PROBLEM DETAILS:
Copied exactly and without pictures, the lines from the beginning of the entries through the one that holds "La maison principale, d'une" should form the entire reply.

SOURCE DATA:

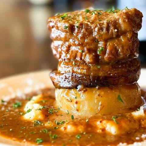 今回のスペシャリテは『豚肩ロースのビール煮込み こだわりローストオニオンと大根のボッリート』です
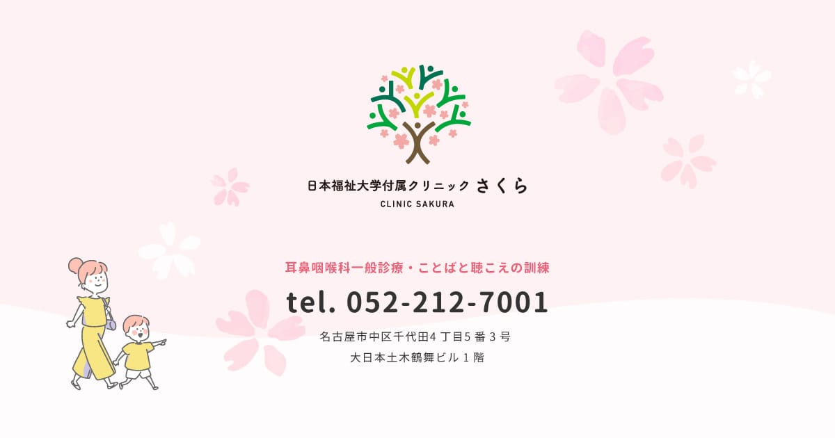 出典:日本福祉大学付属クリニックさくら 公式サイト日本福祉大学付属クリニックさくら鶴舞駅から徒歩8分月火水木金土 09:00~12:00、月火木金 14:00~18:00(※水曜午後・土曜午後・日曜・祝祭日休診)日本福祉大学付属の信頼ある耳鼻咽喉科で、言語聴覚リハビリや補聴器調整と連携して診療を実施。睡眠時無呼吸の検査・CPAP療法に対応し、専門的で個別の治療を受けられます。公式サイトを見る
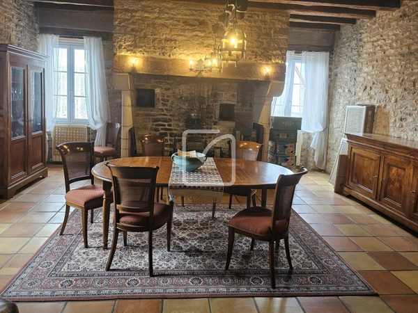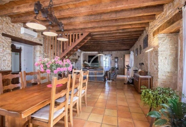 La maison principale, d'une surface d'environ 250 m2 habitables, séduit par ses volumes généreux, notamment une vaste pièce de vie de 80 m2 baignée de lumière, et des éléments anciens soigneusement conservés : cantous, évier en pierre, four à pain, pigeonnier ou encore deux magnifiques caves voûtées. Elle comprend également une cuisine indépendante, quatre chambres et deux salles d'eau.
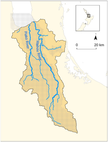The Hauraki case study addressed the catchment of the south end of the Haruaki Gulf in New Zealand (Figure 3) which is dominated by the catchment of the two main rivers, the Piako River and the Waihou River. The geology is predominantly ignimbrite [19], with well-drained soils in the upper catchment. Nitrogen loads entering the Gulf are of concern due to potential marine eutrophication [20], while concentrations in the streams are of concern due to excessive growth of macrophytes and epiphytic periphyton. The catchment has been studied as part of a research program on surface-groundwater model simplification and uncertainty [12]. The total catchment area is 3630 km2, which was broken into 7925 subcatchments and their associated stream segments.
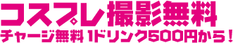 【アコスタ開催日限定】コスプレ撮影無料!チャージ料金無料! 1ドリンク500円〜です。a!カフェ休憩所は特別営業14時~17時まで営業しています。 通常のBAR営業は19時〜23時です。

RESULT FOR THIS EXERCISE:
 今回のスペシャリテは『豚肩ロースのビール煮込み こだわりローストオニオンと大根のボッリート』です
 出典:日本福祉大学付属クリニックさくら 公式サイト日本福祉大学付属クリニックさくら鶴舞駅から徒歩8分月火水木金土 09:00~12:00、月火木金 14:00~18:00(※水曜午後・土曜午後・日曜・祝祭日休診)日本福祉大学付属の信頼ある耳鼻咽喉科で、言語聴覚リハビリや補聴器調整と連携して診療を実施。睡眠時無呼吸の検査・CPAP療法に対応し、専門的で個別の治療を受けられます。公式サイトを見る
 La maison principale, d'une surface d'environ 250 m2 habitables, séduit par ses volumes généreux, notamment une vaste pièce de vie de 80 m2 baignée de lumière, et des éléments anciens soigneusement conservés : cantous, évier en pierre, four à pain, pigeonnier ou encore deux magnifiques caves voûtées. Elle comprend également une cuisine indépendante, quatre chambres et deux salles d'eau.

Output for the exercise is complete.